If everything goes well, smash that Save and import button and you should see a status message informing you of your success or failure. The complication for my use-case is my use of the entity reference field to a Summit talk content type.
Luckily, the import won’t fail entirely even if the entity reference field cannot find the entity it wants to reference. The sessions field for now will just be empty. After all the talks have been imported, re-run the feed import and (hopefully), your content nodes will update accordingly.
Check your settings on the Feed type under Processor settings to make sure you have set behaviour to Update existing content items.
Wrapping up
I think that’s it? I mean, it took me quite a bit of time and effort to get the steps distilled to what you’ve just read.

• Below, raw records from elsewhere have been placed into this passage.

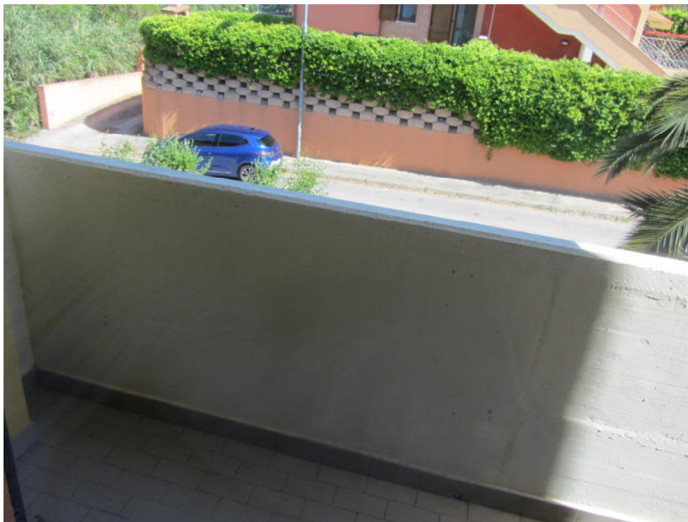
FOTO 1.06_ PIANO PRIMO_balcone 1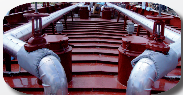
Sistema de aislamiento en válvulas (Petroquímica)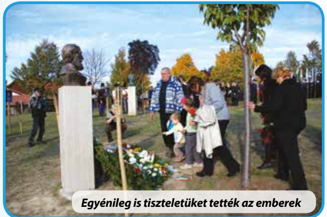
Egyénileg is tiszteletüket tették az emberek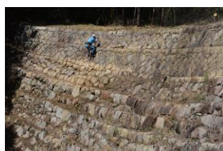
鳶が迫る砂留整備 役員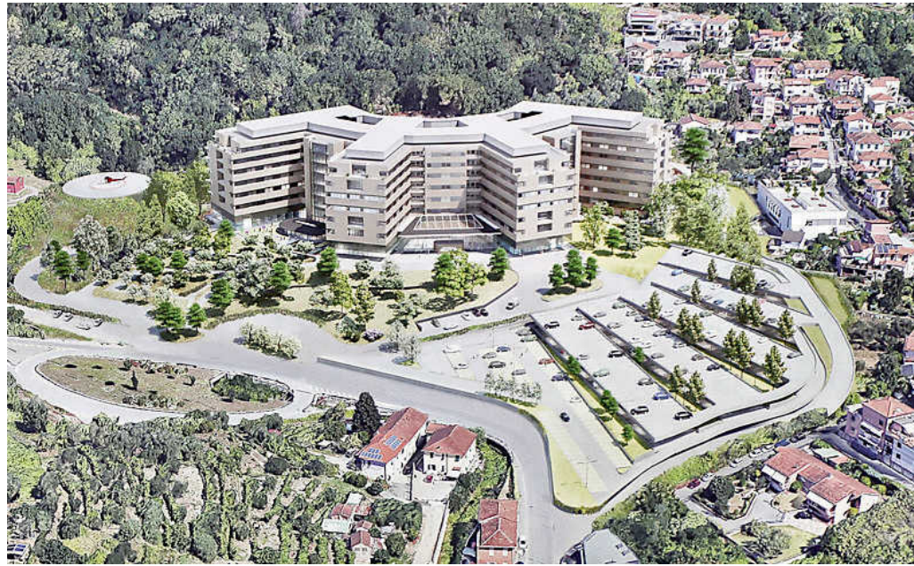
Un rendering del nuovo ospedale del Felettino

L'atto è ufficiale, è stato allegato dagli uffici regionali al bando di gara per la direzione lavori e il collaudo. Gli 850 giorni nei quali la società di Rovigo si è impegnata a realizzare l'ospedale del Felettino sarebbero dovuti partire da mercoledì 28 giugno 2023. Se partiranno nel settembre del

I even ran into Drupal 101: What I learnt from hours of troubleshooting Feeds which I had written in back in 2015.
And no, sadly it did not help me one bit because that import was in CSV. JSON was a whole new bunch of hours spent troubleshooting. But what can I say? It pays the bills. It pays the bills. It pays the bills. 💵
Top comments (1)
Thank you for an interesting article and the guidance you shared on wrestling with JSON feeds, Chen.
I had a look at Drupal several years ago when I started out with my research on secure, reliable PHP workhorses. Look, from what I could gather, Drupal was/is quite "solid" in most areas, but it was too clunky for a single dev to maintain larger CMS systems as I had in mind. WordPress, although well established, was a no-go for me due to the many security issues with packages and unreliable third-party add-ons as I discovered during my searches back in 2019. Laravel seemed a good fit, and by the looks of it, is becoming quite the "Composer" in the PHP framework arena.
The principle of working with large JSON data sets as per your requirement is what caught my attention though, and is a valuable guideline for similar frameworks like Laravel, IMO.